What are vector fields given by the partial derivatives of coordinate functions? I am using Sean Carroll's book "Spacetime and Geometry" to learn about differential topology from a physics point of view. After introducing vectors on a manifold, he defines the commutator of two vector fields as (Google books link, p. 67)
$$ [X, Y](f) = X(Y(f))-Y(X(f)) \tag{2.20} $$
At the bottom of the page, he states  

Note that since partials commute, the commutator of the vector fields given by the partial derivatives of coordinate functions, $\{\partial_\mu\}$, always vanishes.

I don't understand this statement. As far as I understand, for a given chart and curve with parameter $\lambda$ on the manifold, we can write a vector as 
$$  X = X^\mu \hat e _{(\mu)}\quad\to\quad \frac{d}{d\lambda} = \frac{dx^\mu}{d\lambda}\partial_\mu \tag{2.16} $$
where I used the coordinate basis. But what does the author mean by "the vector fields given by the partial derivatives of coordinate functions"? How would one calculate the commutator in this case? 
 A: The vector fields he is referring to are those of the form $\partial_{\mu_0}$ for fixed $\mu_0$.  Or, in the notation $X = X^\mu \hat e _{(\mu)}$, that would be the vector field $X$ such that $X^\mu=1$ for $\mu=\mu_0$ and $X^\mu=0$ for $\mu\neq\mu_0$.  This vector field acts on a given function $f$ by $X(f)=\partial_{\mu_0}f$, so it takes the derivative of $f$ in the direction of the coordinate $\mu_0$.  (Note that Carroll's description "partial derivatives of the coordinate functions" is arguably inaccurate; we aren't differentiating the coordinate functions, but rather considering vector fields which are given by partial derivatives in directions corresponding to them.)
Now suppose you have two such vector fields $X=\partial_{\mu_0}$ and $Y=\partial_{\mu_1}$.  The commutator when applied to a function $f$ then gives $$[X,Y](f)=\partial_{\mu_0}\partial_{\mu_1}f-\partial_{\mu_1}\partial_{\mu_0}f.$$  But that's $0$, just from the multivariable calculus fact that partial derivatives commute.

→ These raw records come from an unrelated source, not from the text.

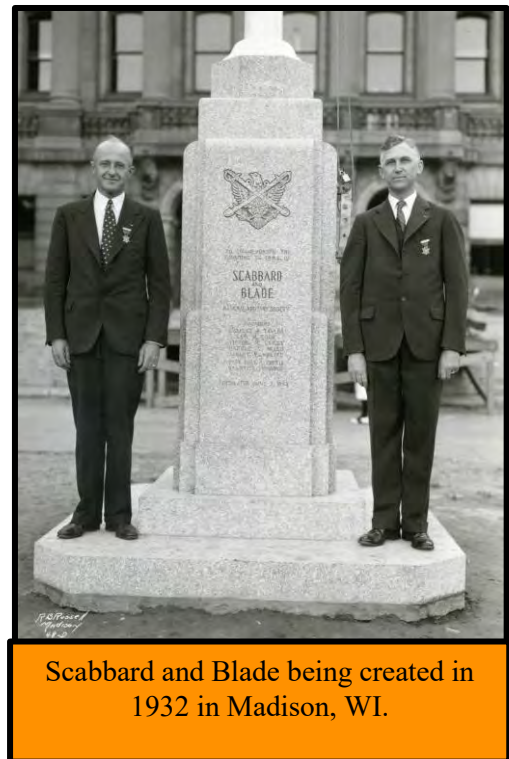
Scabbard and Blade being created in 1932 in Madison, WI.
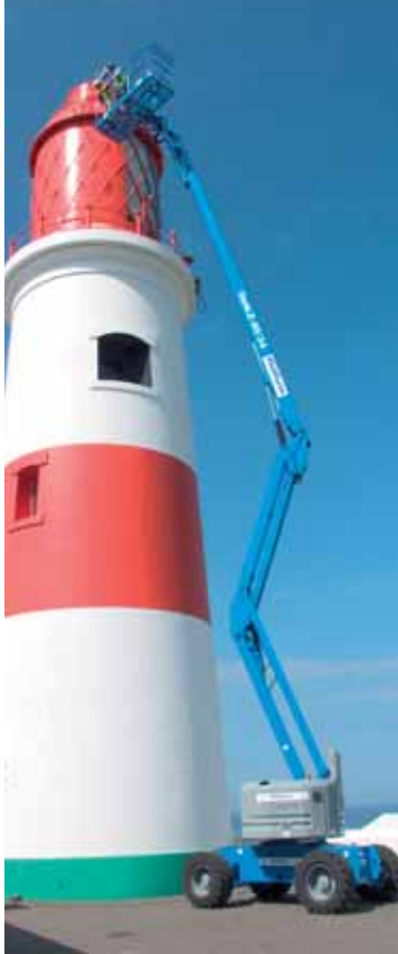
The Platform Company supplied a Genie Z60/34 articulated boom to carry out work on the Souter lighthouse

While the lighthouse is no longer functional the building is maintained to a high standard by the National Trust. When the time came to carry out routine external checks and repairs to the light and paint work, it contacted the Newcastle branch of the Platform Company to provide an efficient access solution. The company supplied one of its new Genie Z60-34 articulated booms. The lifts geometry and 1.8 metre jib proved ideal for reaching all of the contours of the lighthouse.
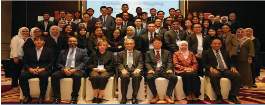
<OECD Competition Workshop: Cartels and Bid Rigging> Oct 3-5, 2023, Kuala Lumpur, Malaysia
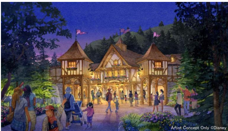
Exterior of live entertainment theater
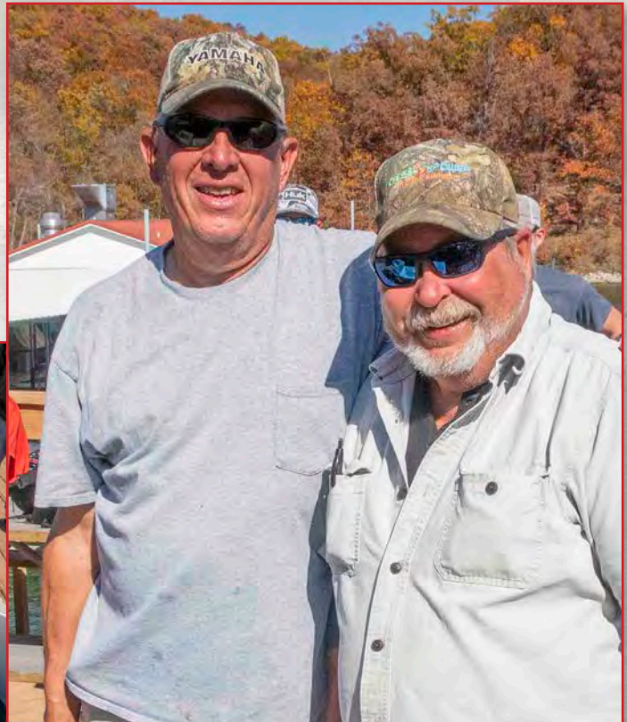
Coupla old Sticks
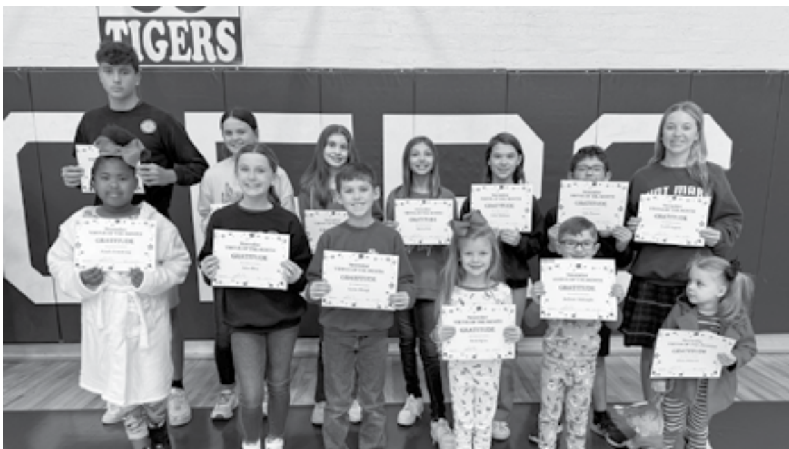
ST. MARY'S CATHOLIC SCHOOL VIRTUE OF THE MONTH The Virtue of the Month for November was "Gratitude."

Ash Wednesday is February 14 go to www.diocesealex.org for Ash Wednesday service times across the diocese.
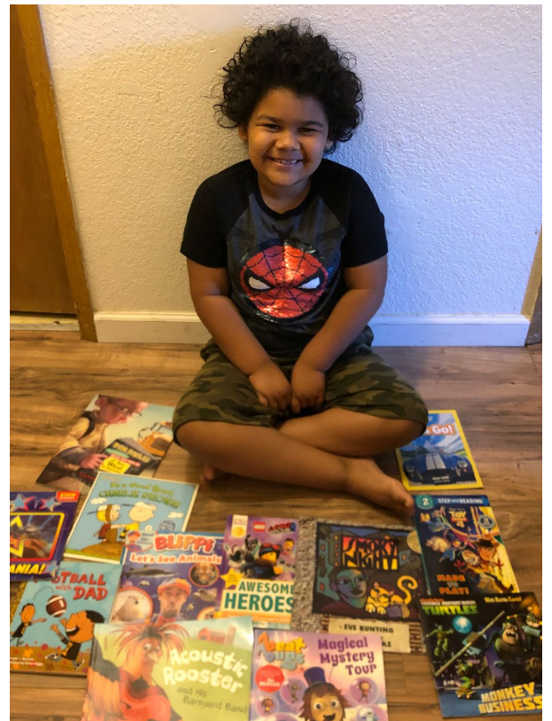
You built this home library for this Tacoma kindergartner—and his baby brother!

And your support didn't only provide books for just one child in that Tacoma family: "He also has a new baby brother born on June 1, 2021. He's excited to read all his new books to him. That bonding time will be priceless!"
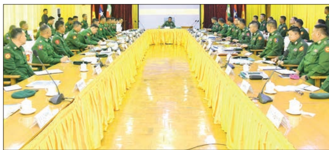
Defence Services Commander-in-Chief General Ye Win Oo is pictured during the meeting at the Eastern Command Headquarters yesterday.

earn the trust and reliance of the people, and since the Tatmadaw is the country's last line of defence, it must be built into a firm institution.
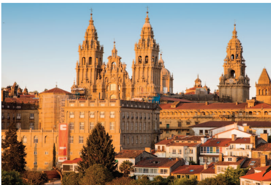
Catedral de Santiago de Compostela, Spain
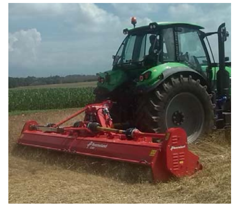
The central gearbox (250hp) is equipped with free wheels; the lateral transmission (5 belts each side) with an automatic belt tensioner ensures reliability and a low maintenance effort.
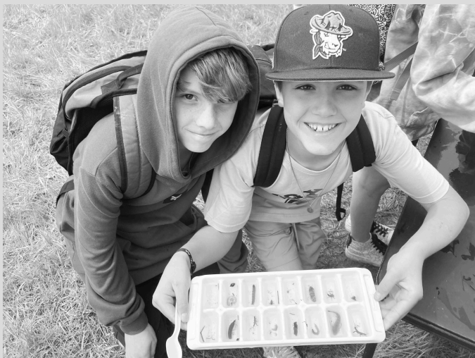
Kalispell and Whitefish 5 th grade students had the chance to sort macroinvertebrates during the annual Viking Creek wetlands education days.
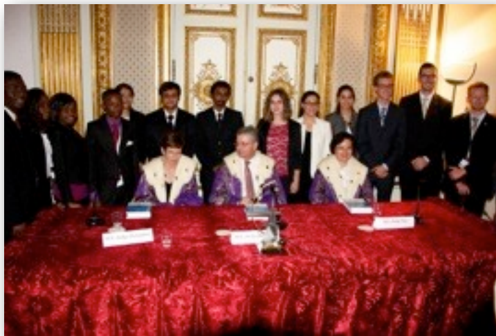
World Finalists, Naples 2012

The 2013 Problem was written by Prof. Setsuko Aoki (Japan).
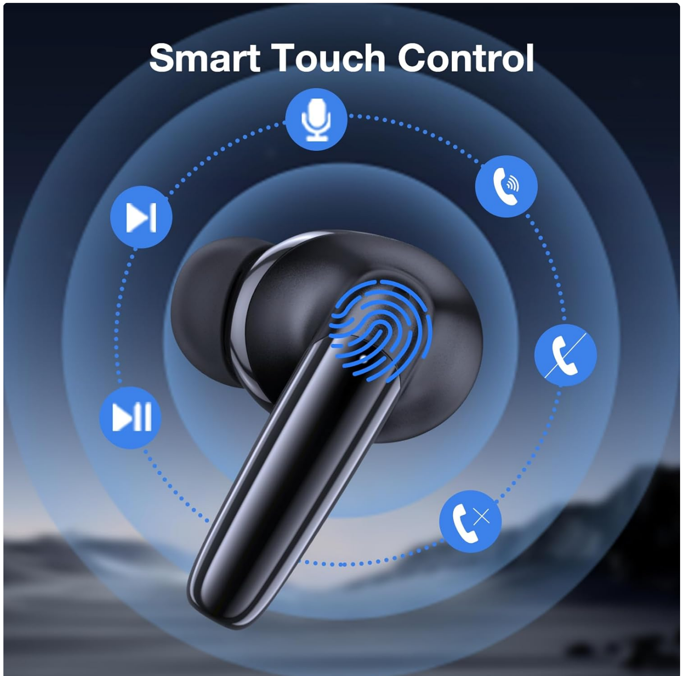
Image: An illustration detailing the various smart touch control functions on the earbud, including play/pause, call management, and voice assistant activation.
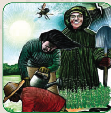
Trabajando Afuera Working Outside
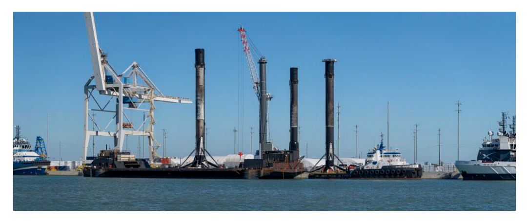
Pictured: 3 SpaceX Boosters at the Canaveral Cargo Terminal, December 2024

With guidance and assistance from Port Canaveral, SpaceX has demonstrated their ability to adapt and innovate their recovery operations in a commercial seaport environment. While the company's method for managing recovered launch components differs significantly from "traditional" seaborn cargo operations, they have incorporated specialized handling equipment and executed precise maneuvers to manage large, intricate components. The company has shown a commitment to continuous improvement resulting in an impressive reduction in offload times. By optimizing their processes, SpaceX has successfully cut offload times by more than 50%.
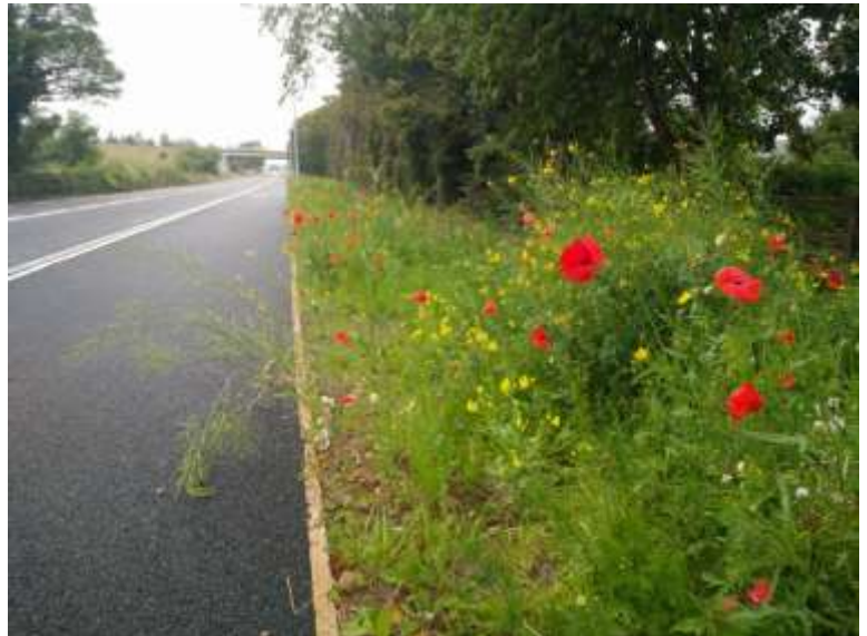
By talking to the local Council when they spotted new roadside clearance, Ennis Tidy Towns managed to have a large tract of verge planted with native wildflower seed.

www.ennistidytowns.com www.facebook.com/ennistidytowns
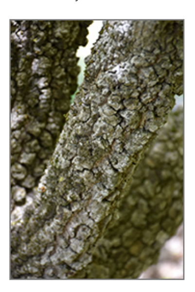
Pinebark Japanese Maple bark
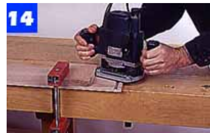
Clamp each drawer front to the workbench, and then use a router and dovetail bit to cut the dovetail dados.

Rip and crosscut the drawer parts. Install a dovetail bit in the router, and set the router to make a 1/4-in.-deep cut. Cut the dovetail dado in the drawer sides and the stopped dado in the drawer face ( Photo 14 ).
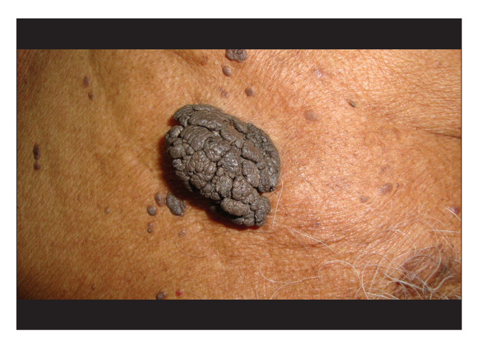
Figure 1: Common seborrheic keratoses on the chest

The most common clinical variant was common seborrheic keratoses (CSK) (150 cases, 60%) [Figures 1 and 2] followed by dermatosis papulosa nigra (DPN) (116 cases, 46.4%) [Figure 3], pedunculated SK
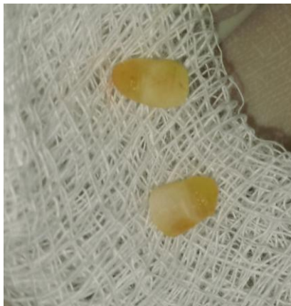
Fig 3: Natal teeth showing absence of root formation

The appearance of gingiva was normal. There was no ulceration found on ventral surface of tongue. There was no association of any soft tissue and hard tissue abnormality. There was no relevant familial history of any similar oral manifestation. Child was normal without association of any syndrome. A diagnosis of natal tooth in mandibular anterior region was given.
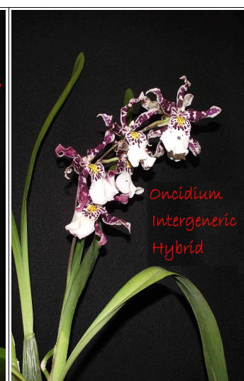
Exhibited by Renee
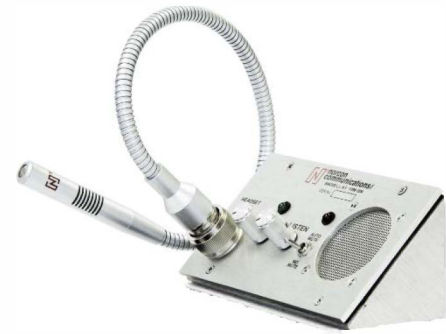
Norcon TTU-7X Installation & Operating Instructions
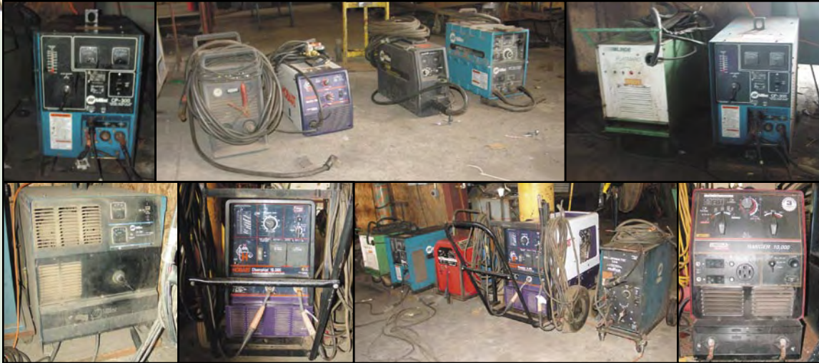
PARTIAL VIEW OF WELDERS
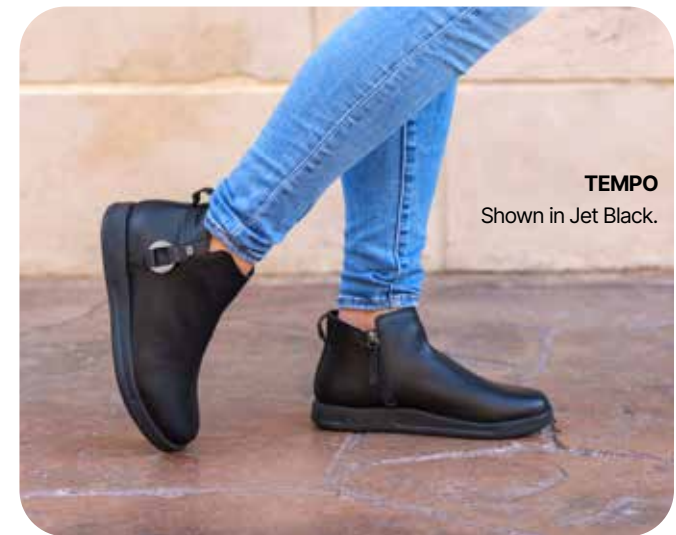
TEMPO Shown in Jet Black.
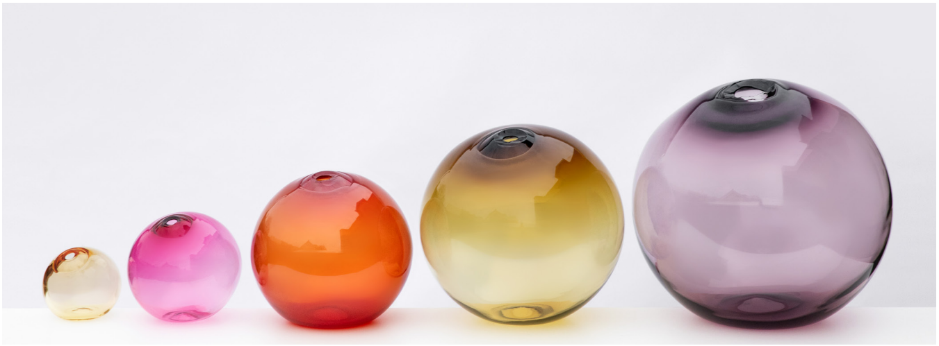
from left: 6" whiskey, 8" fuchsia, 12" strawberry, 16" sargasso, 20" plum
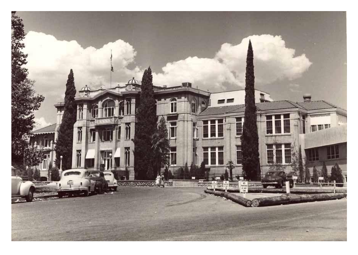
County Hospital, Gilbert Street – September 1, 1955.
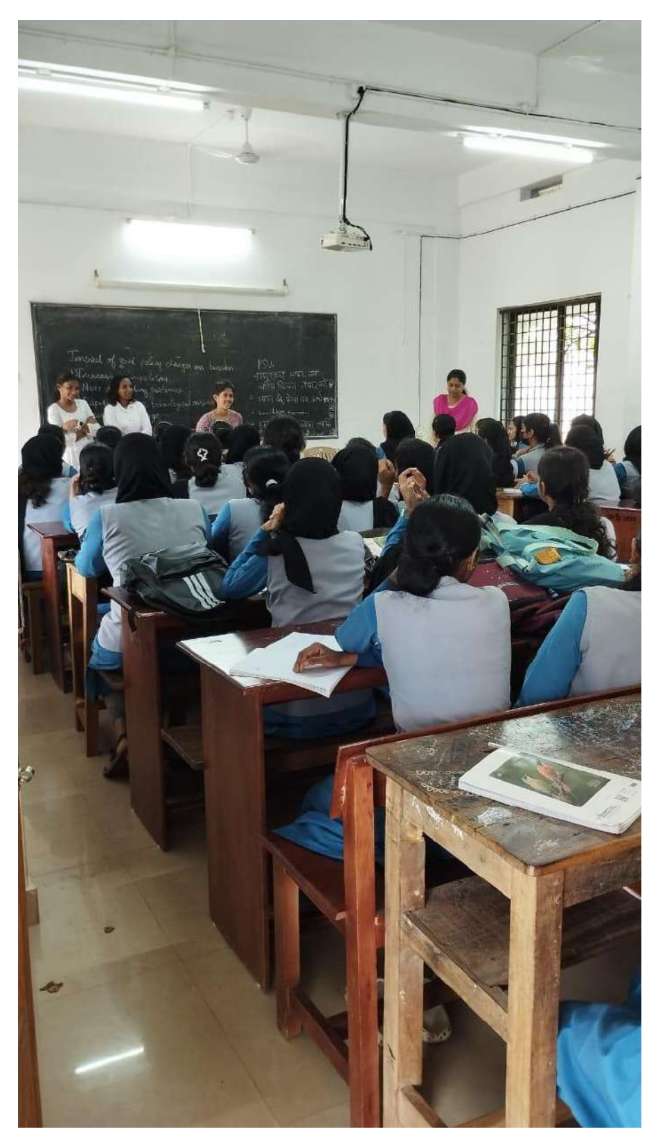
MADAYI GIRLS HIGHER SECONDARY SCHOOL
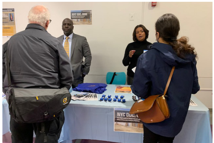
DDC ODIR at ESCR In-person Quarterly Information Event on October 19, 2022

In this quarter, the ESCR team also participated in DDC East Side Coastal Resiliency Forum: Meet the Teams Presentation on September 28, 2022. Program Management and Construction Management (PMCM) and contractor teams from ESCR and BMCR (Brooklyn Bridge-Montgomery Coastal Resiliency) presented the projects at the forum. The presentation is available on the ESCR website.
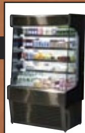
Grab N Go Tower
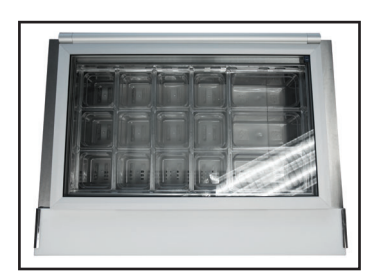
Glass Lid Top

This product is equipped with a fine mesh filter to the front of the condenser to catch dust, and a rotating brush that moves up and down daily to remove excess buildup outward and away.
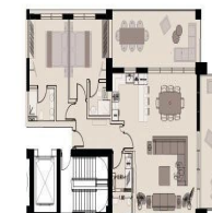
FLAT 201 | 2 BEDROOMS SIMPLEX
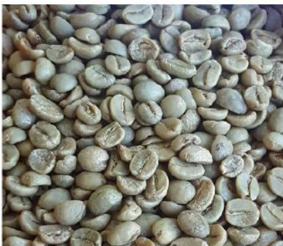
Arabica Screen 16 Wet Polished
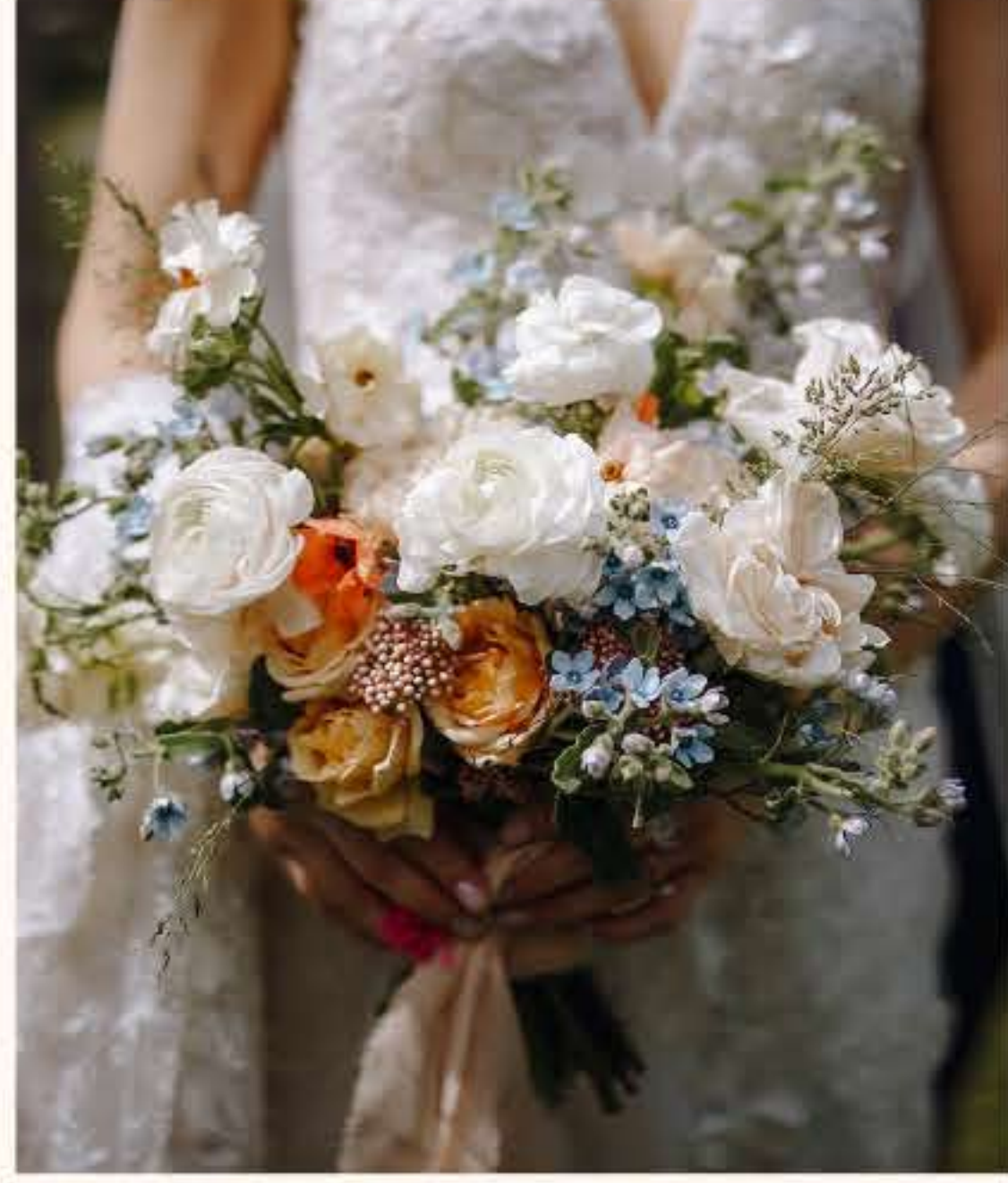
large bridal bouquet
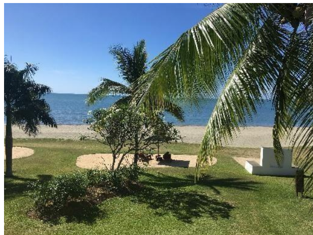
Figure 17 – Fiji hotel resort

Fiji is dotted with tiny isolated islands. We were at a resort surrounded by hundreds of guests and staff. My husband and I might as well have been stranded on a desert island. There was nothing we could do on the other side of the world. Later that day, across the coconut tree, palm-filled expanse of Pacific Ocean fringed lawn, a Fijian band was singing for the seafood buffet extravaganza. We 'ate in'. The next day I

It is perhaps more enlightening to see an example where the commutator is not zero, to see what's special about the case above.  Let's just consider vector fields on $\mathbb{R}$, where I'll write $\partial_x$ for the ordinary derivative.  Consider two vector fields $X=\partial_x$ and $Y=x\partial_x$.  That is, to compute $X(f)$ you just take the derivative $f'$ and to compute $Y(f)$ you compute the derivative and then multiply by $x$.  We then have $$X(Y(f))=X(xf')=f'+xf''$$ where we get two terms since we needed to use the product rule to differentiate $xf'$.  On the other hand, $$Y(X(f))=Y(f')=xf''.$$  So the difference is $$[X,Y](f)=f'=X(f).$$  In other words, $[X,Y]=X$.  Here the commutator became nonzero because of the coefficient $x$ that $Y$ had, which made us use the product rule when calculating $X(Y(f))$ but not when calculating $Y(X(f))$.  So the point is that if all your vector fields are just partial derivatives with no coefficients to multiply by, this sort of thing doesn't happen and everything commutes.
A: Let us work in local coordinates $\{x_1,\dots,x_n\}$, so $T_pM=\text{span}\left(\frac\partial{\partial x_1},\dots,\frac\partial{\partial x_n}\right)$, for $p(x)=(x_1,\dots,x_n)$ in this local chart. To be more rigorous here, we have $p\in U\subset M$, for $U$ open and diffeomorphism $\varphi:U\to V\subseteq\mathbb R^n$, with $V$ open. $x_i$ are coordinates on $V$ and $\varphi(p)=(x_1,\dots,x_n)$.
In general, a vector field $X$ in these coordinates looks like 
$$
X(p)=X_i(x)\frac\partial{\partial x_i}.
$$
This means that, in general,
\begin{equation}\begin{aligned}
[X,Y]f(p)&=X_i(x)\frac\partial{\partial x_i}\left(Y_j(x)\frac\partial{\partial x_j}f(p(x))\right)-Y_i(x)\frac\partial{\partial x_i}\left(X_j(x)\frac\partial{\partial x_j}f(p(x))\right)\\
&=X_i\partial^iY_j\partial^j f - Y_i\partial^iX_j\partial^j f,
\end{aligned}\end{equation}
where a term cancels by the commutivity of partial derivatives.
Sean Carroll  is saying that if we take the vector fields $X$ and $Y$ such that in these coordinates $X_i$ and $Y_i$ are independent of $x_i$, then the commutator vanishes, which we can see trivially from the above.